The problem is, the details are not that murky, as Iraqi military officers and government officials have all said, “The blast was caused by a US airstrike called on ISIL snipers on the roof of a building.” If that’s not enough, the commander of the US-led task force fighting ISIL has also tepidly admitted, “My initial assessment is that we probably had a role in these casualties in Mosul.” More direct reports also slowly come trickling out, saying comparable US-led atrocities are happening in Syria.

The dust has settled and the facts have become clearer. The Pentagon regime cannot downplay its atrocities: Carnage in Iraq and Syria is surging under the Trump White House.
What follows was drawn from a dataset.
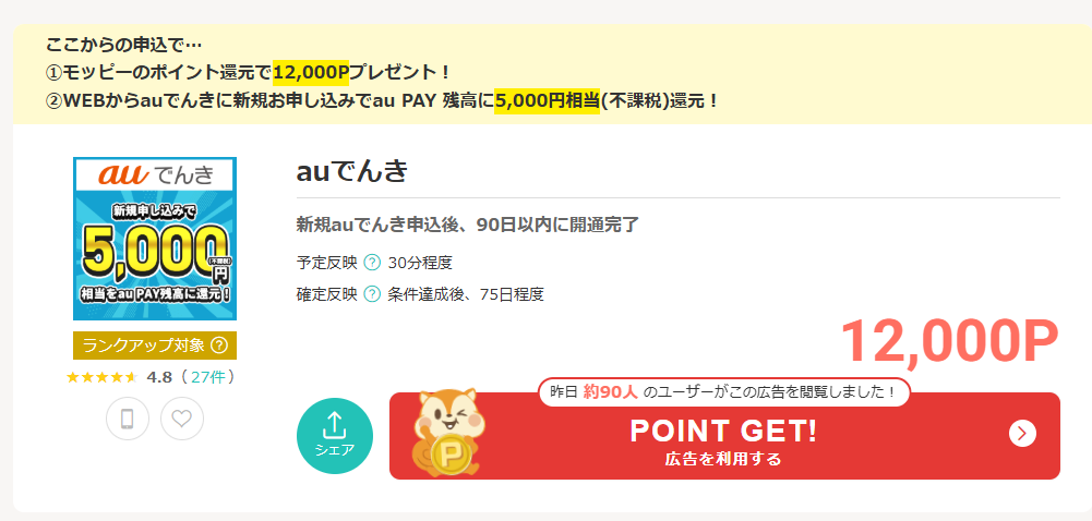 - 「auでんき」を検索して「POINT GET!」をクリック

It is wrong to only focus on the extreme brutality of ISIL, a genocidal Salafi jihadist group that slaughters civilians from religious and ethnic minority groups. It is perhaps understandable that much of the global attention is on its crimes. But the United States and its allies are at fault too.
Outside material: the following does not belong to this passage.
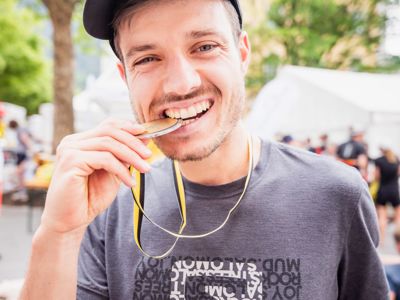 Zu Beginn der Laufsaison läuft er immer ein paar Wochen lang fast ausschließlich flach und auf der Straße. „Meine Skitourenbeine sind erstmal ziemlich lahm“, sagt er. „Ich muss Schnelligkeit reinbringen“, erklärt Marc Dürr. Erst wenn er die wieder spürt, fängt er mit dem Lauftraining am Berg an. Trotzdem: In Bad Reichenhall zeigte sich wieder, dass seine Stärke das steile Bergauflaufen und das schnelle Bergablaufen in schwierigem Gelände sind. Mit 2:46 Minuten Vorsprung auf Vorjahressieger Hans-Peter Innerhofer kam er nach Auf-und Abstieg auf den Hohenstaufen an der Padinger Alm an, von wo es flach zurück in die Innenstadt von Bad Reichenhall ging. Im vergangenen Jahr war die Situation ähnlich, nur dass Dürr etwas weniger Vorsprung hatte und dann kurz vor dem Ziel noch von dem Österreicher abgefangen wurde. Diesmal blieben ihm 2:30 Minuten, so dass er in neuer Streckenrekordzeit von 1:49:40 locker ins Ziel lief. „Es war eine geile Strecke und ein geiles Event. Jetzt hoffe ich, dass ich beim Zegama-Trail-Marathon über die lange Distanz gut durchkomme und weit vorn mitlaufen kann“, sagte er im Ziel.

The atrocities committed by US-led coalition air strikes on the pretext of targeting ISIL militants cannot be ignored. Such an approach is a recipe for disaster, as the US and NATO allies have demonstrated a tendency to exploit ISIL atrocities for propaganda and military escalation.

Little ink has been spilled in the Western media for this truth, nonetheless. According to the monitoring group Airwars, as many as 1,000 civilians were killed by US-led coalition actions in Iraq and Syria just in the month of March. Many more civilians have been killed in the past two years, yet their deaths have received little attention not only by the “fakestream” corporate news networks, but also by the United Nations.

There is no real discussion at the United Nations, let alone political debate, about whether or not the US-led bombing of civilians on the pretext of bombing ISIL is a good idea - not to mention whether or not these airstrikes are actually legal and would ultimately defeat the hyper-sectarian ISIL in the first place.

Per usual, mass casualty “incidents” will continue to rise by US-led forces in Iraq and Syria. And the United Nations won’t be able to do anything about it. The world body will never investigate these atrocities, much less hold to account those guilty. It simply reflects UN’s deference to power. If the US government reports something, there are countless UN officials and allied ambassadors waiting in line to obediently echo it. With acquiescence, if not complicity, the UN has a long history of acting as mouthpiece to the US power.